[[ RECORD EXTRACTS, beginning ]]

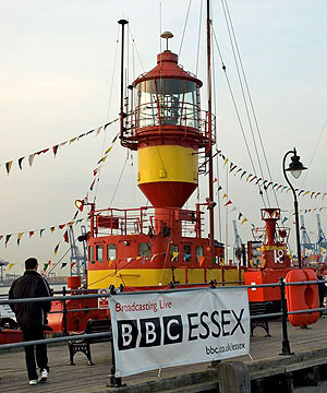 Mark West (aka Wesley) very kindly supplied the photos below of the Radio Essex contingent and their guests. Mark was only 17 years old when he began broadcasting on Radio Essex. He says: "I was too nervous to think in terms of responsibility. There was a sort of record deck and a Vox ribbon mic set up in the transmitter/engineers' room, very chaotic. I'd written down a few statements like "This is Radio Essex, the voice of Essex from the mouth of the River Thames and this is a test transmission" (Which I thought was quite clever) uttered with shaking hand and trembling voice. As nothing actually changed during these tests I added some additional words to make it sound as though something significant technically was happening. "This is phase one (2 or 3, etc.) of our test transmissions". Brighton band Oddfellows Casino's recent recording 'Oh Sealand', "an unofficial anthem for the independent principality of Sealand" was played during Offshore 50 to honour our Royal guest, Michael of Sealand. We really like it! |
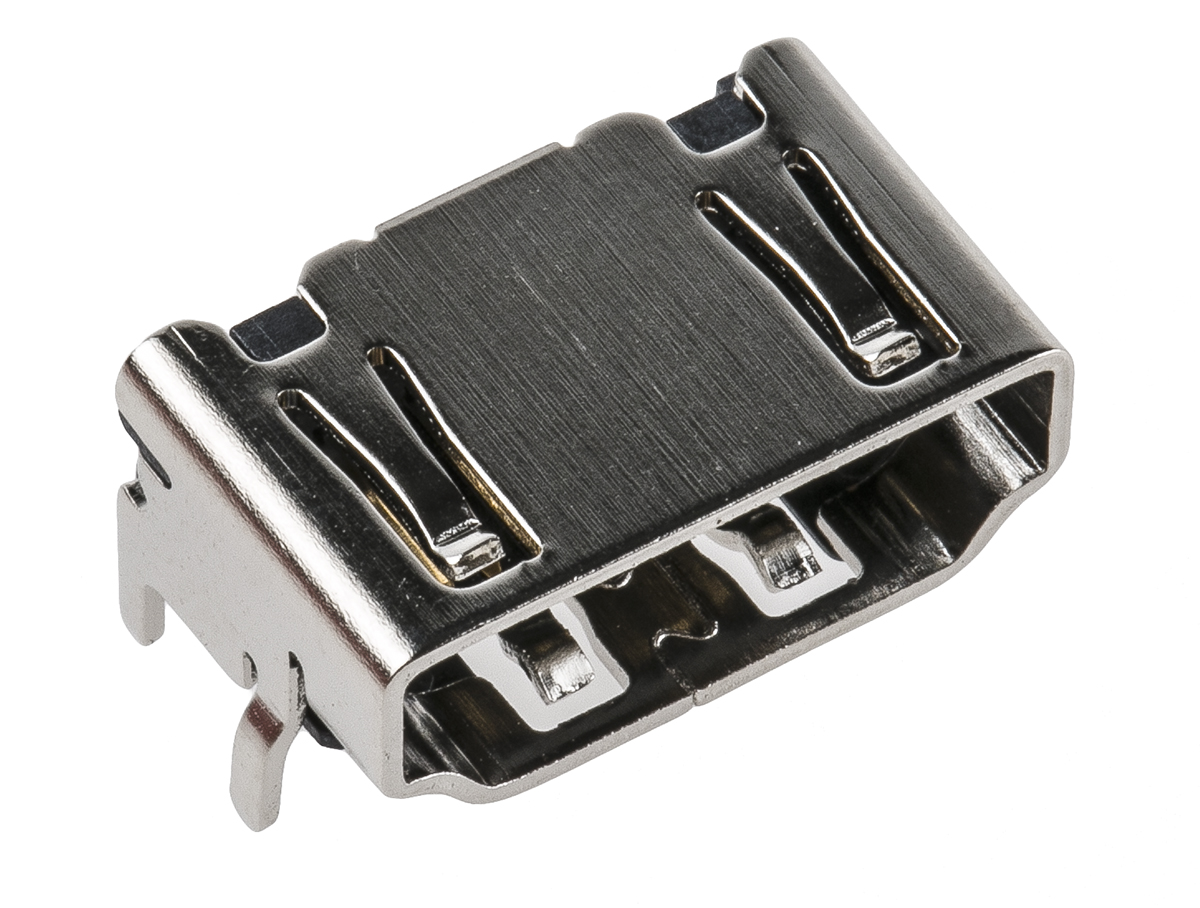This is Amphenol FCI 19 Way Right Angle Feedthrough HDMI Connector 40 V ac manufactured by Amphenol ICC. The manufacturer part number is 10029449-001RLF. The product has a current rating of 500ma. Moreover, the product has a nominal 40 v ac voltage rating. The product contains 19 contacts. The product is made from sturdy brass materials.
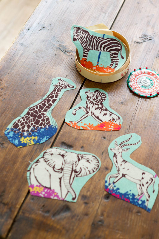 This is a scene of animals gathering, while curiously coming and going, around acacia in echino color. It seems as if the animals are magnetized by the brilliant colors of trees. You would love to make fabric panels or small animal-shaped pillow, after cutting out your favorite scenes or animal motifs.
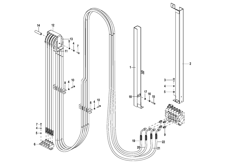 0126 Full Free3-Stage Mast Hose Assembly 全自由三级门架油管总成
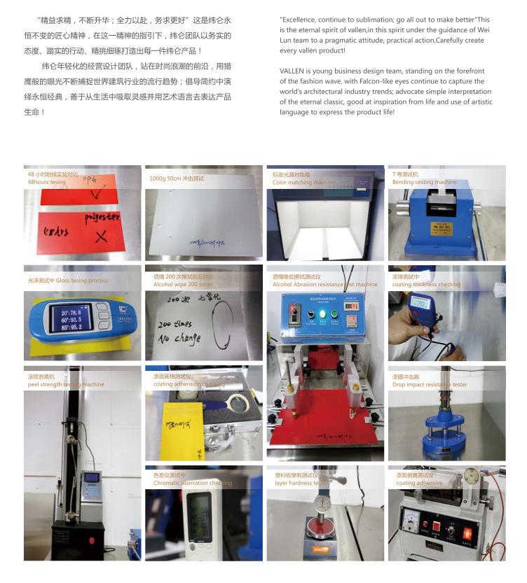 (2) La superficie de los productos de la serie Weilun 3D Space Board para exteriores está fabricada con pintura de fluorocarbono PPG, de renombre internacional, combinada con un proceso de recubrimiento con rodillo de 2 capas y 2 cocciones o 3 capas y 3 cocciones. Cada lote de productos puede presentarse con: garantía conjunta tripartita de PPG/fábrica de pintura/Weilun de 15 años de garantía de calidad.
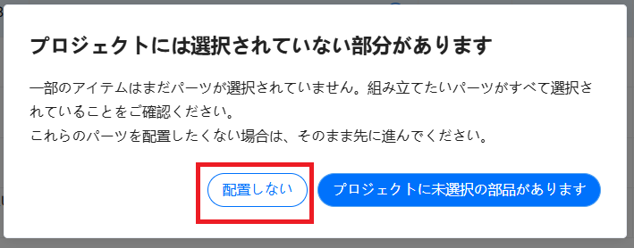 - BOMファイルに記載があるにもかかわらず未配置部品がある場合は、注意メッセージが表示されます。未配置で問題無ければ、「配置しない」をクリックします。やり直す場合は、「プロジェクトに未選択の部品があります」をクリックします。
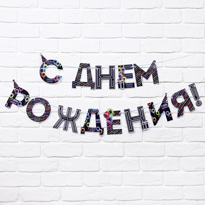 Гирлянда на ленте «С Днем Рождения!», синяя, длина 250 см — Характеристики
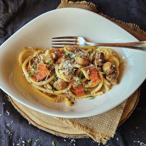 - Kuhane njoke poberemo iz vode s pomočjo penovke in jih takoj dodamo v pripravljeno omako. Razdelimo na krožnike. Preden ponudimo, posujemo s sveže sesekljanim peteršiljem. Zraven ponudimo riban parmezan.
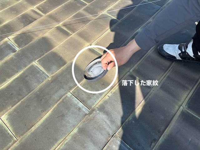 また、家紋の落下による損傷は火災保険の「風災・物体落下被害」として認められるケースがあるため、申請サポートも併せて行いました。
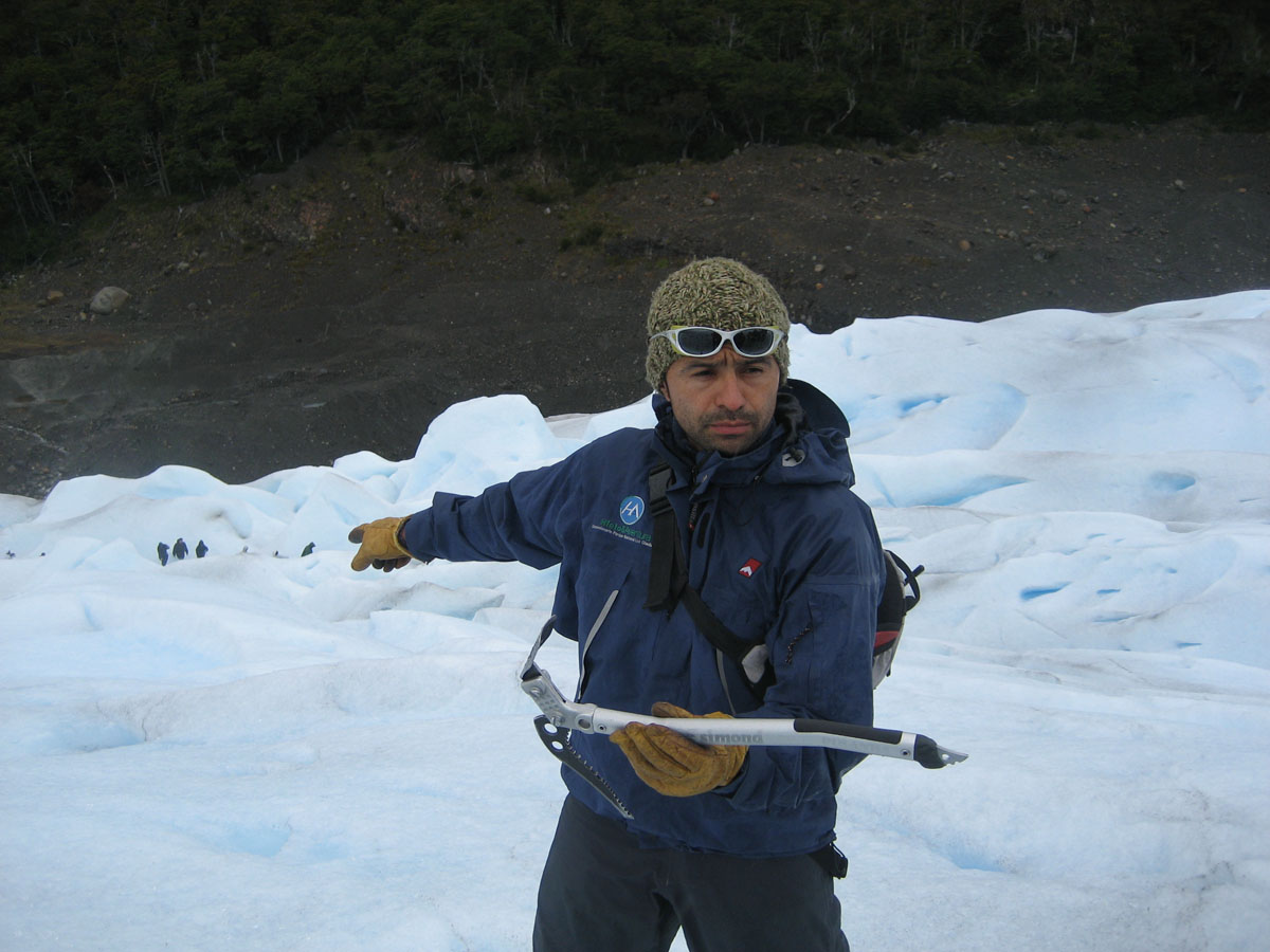 Luis uses his ice axe to demonstrate how the glacier is formed
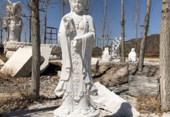 經典傳統工藝精致大理石浮雕觀音站神像擺件
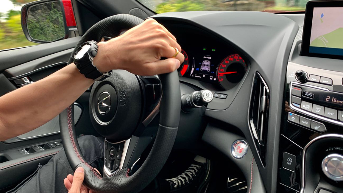 还没等到任何操作,变速箱就保持在高转速,方向盘马上绷紧,手感明显加重,油门变得极其灵敏,一脚下去就知道“男人为什么要努力”。而且RDX还带有“自动补油”以及连降四挡的“小聪明”,直接将转速拉升随时保持最佳的发力区间,同时车内会有模拟声浪,为整个驾驶氛围助力。
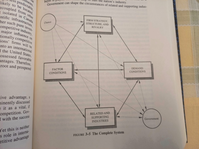 Strangely enough, Porter doesn’t mention his Five Forces Model of Competitive Advantage, which I have written about before, anywhere in this book, nor does he explain in the introduction why it makes way for the diamond theory in this context. I kept thinking about it as I was reading this book and it became apparent to me that since this book is about nations competing at an industry level, the five forces model might have been inadequate especially in dealing with things like factor conditions and demand conditions.
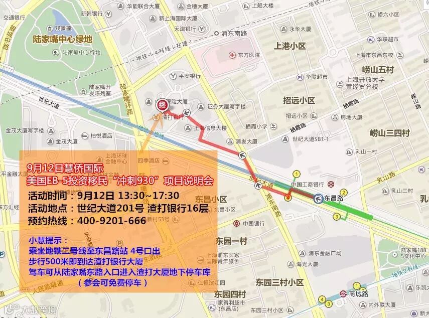 驾车可从陆家嘴东路入口进入渣打大厦地下停车库(参会可免费停车)

[[ RECORD EXTRACTS, end ]]

Restate the data above word for word, so that the only difference is the missing pictures.

SOLUTION:
 Mark West (aka Wesley) very kindly supplied the photos below of the Radio Essex contingent and their guests. Mark was only 17 years old when he began broadcasting on Radio Essex. He says: "I was too nervous to think in terms of responsibility. There was a sort of record deck and a Vox ribbon mic set up in the transmitter/engineers' room, very chaotic. I'd written down a few statements like "This is Radio Essex, the voice of Essex from the mouth of the River Thames and this is a test transmission" (Which I thought was quite clever) uttered with shaking hand and trembling voice. As nothing actually changed during these tests I added some additional words to make it sound as though something significant technically was happening. "This is phase one (2 or 3, etc.) of our test transmissions". Brighton band Oddfellows Casino's recent recording 'Oh Sealand', "an unofficial anthem for the independent principality of Sealand" was played during Offshore 50 to honour our Royal guest, Michael of Sealand. We really like it! |
This is Amphenol FCI 19 Way Right Angle Feedthrough HDMI Connector 40 V ac manufactured by Amphenol ICC. The manufacturer part number is 10029449-001RLF. The product has a current rating of 500ma. Moreover, the product has a nominal 40 v ac voltage rating. The product contains 19 contacts. The product is made from sturdy brass materials.
 This is a scene of animals gathering, while curiously coming and going, around acacia in echino color. It seems as if the animals are magnetized by the brilliant colors of trees. You would love to make fabric panels or small animal-shaped pillow, after cutting out your favorite scenes or animal motifs.
 0126 Full Free3-Stage Mast Hose Assembly 全自由三级门架油管总成
 (2) La superficie de los productos de la serie Weilun 3D Space Board para exteriores está fabricada con pintura de fluorocarbono PPG, de renombre internacional, combinada con un proceso de recubrimiento con rodillo de 2 capas y 2 cocciones o 3 capas y 3 cocciones. Cada lote de productos puede presentarse con: garantía conjunta tripartita de PPG/fábrica de pintura/Weilun de 15 años de garantía de calidad.
 - BOMファイルに記載があるにもかかわらず未配置部品がある場合は、注意メッセージが表示されます。未配置で問題無ければ、「配置しない」をクリックします。やり直す場合は、「プロジェクトに未選択の部品があります」をクリックします。
 Гирлянда на ленте «С Днем Рождения!», синяя, длина 250 см — Характеристики
 - Kuhane njoke poberemo iz vode s pomočjo penovke in jih takoj dodamo v pripravljeno omako. Razdelimo na krožnike. Preden ponudimo, posujemo s sveže sesekljanim peteršiljem. Zraven ponudimo riban parmezan.
 また、家紋の落下による損傷は火災保険の「風災・物体落下被害」として認められるケースがあるため、申請サポートも併せて行いました。
 Luis uses his ice axe to demonstrate how the glacier is formed
 經典傳統工藝精致大理石浮雕觀音站神像擺件
 还没等到任何操作,变速箱就保持在高转速,方向盘马上绷紧,手感明显加重,油门变得极其灵敏,一脚下去就知道“男人为什么要努力”。而且RDX还带有“自动补油”以及连降四挡的“小聪明”,直接将转速拉升随时保持最佳的发力区间,同时车内会有模拟声浪,为整个驾驶氛围助力。
 Strangely enough, Porter doesn’t mention his Five Forces Model of Competitive Advantage, which I have written about before, anywhere in this book, nor does he explain in the introduction why it makes way for the diamond theory in this context. I kept thinking about it as I was reading this book and it became apparent to me that since this book is about nations competing at an industry level, the five forces model might have been inadequate especially in dealing with things like factor conditions and demand conditions.
 驾车可从陆家嘴东路入口进入渣打大厦地下停车库(参会可免费停车)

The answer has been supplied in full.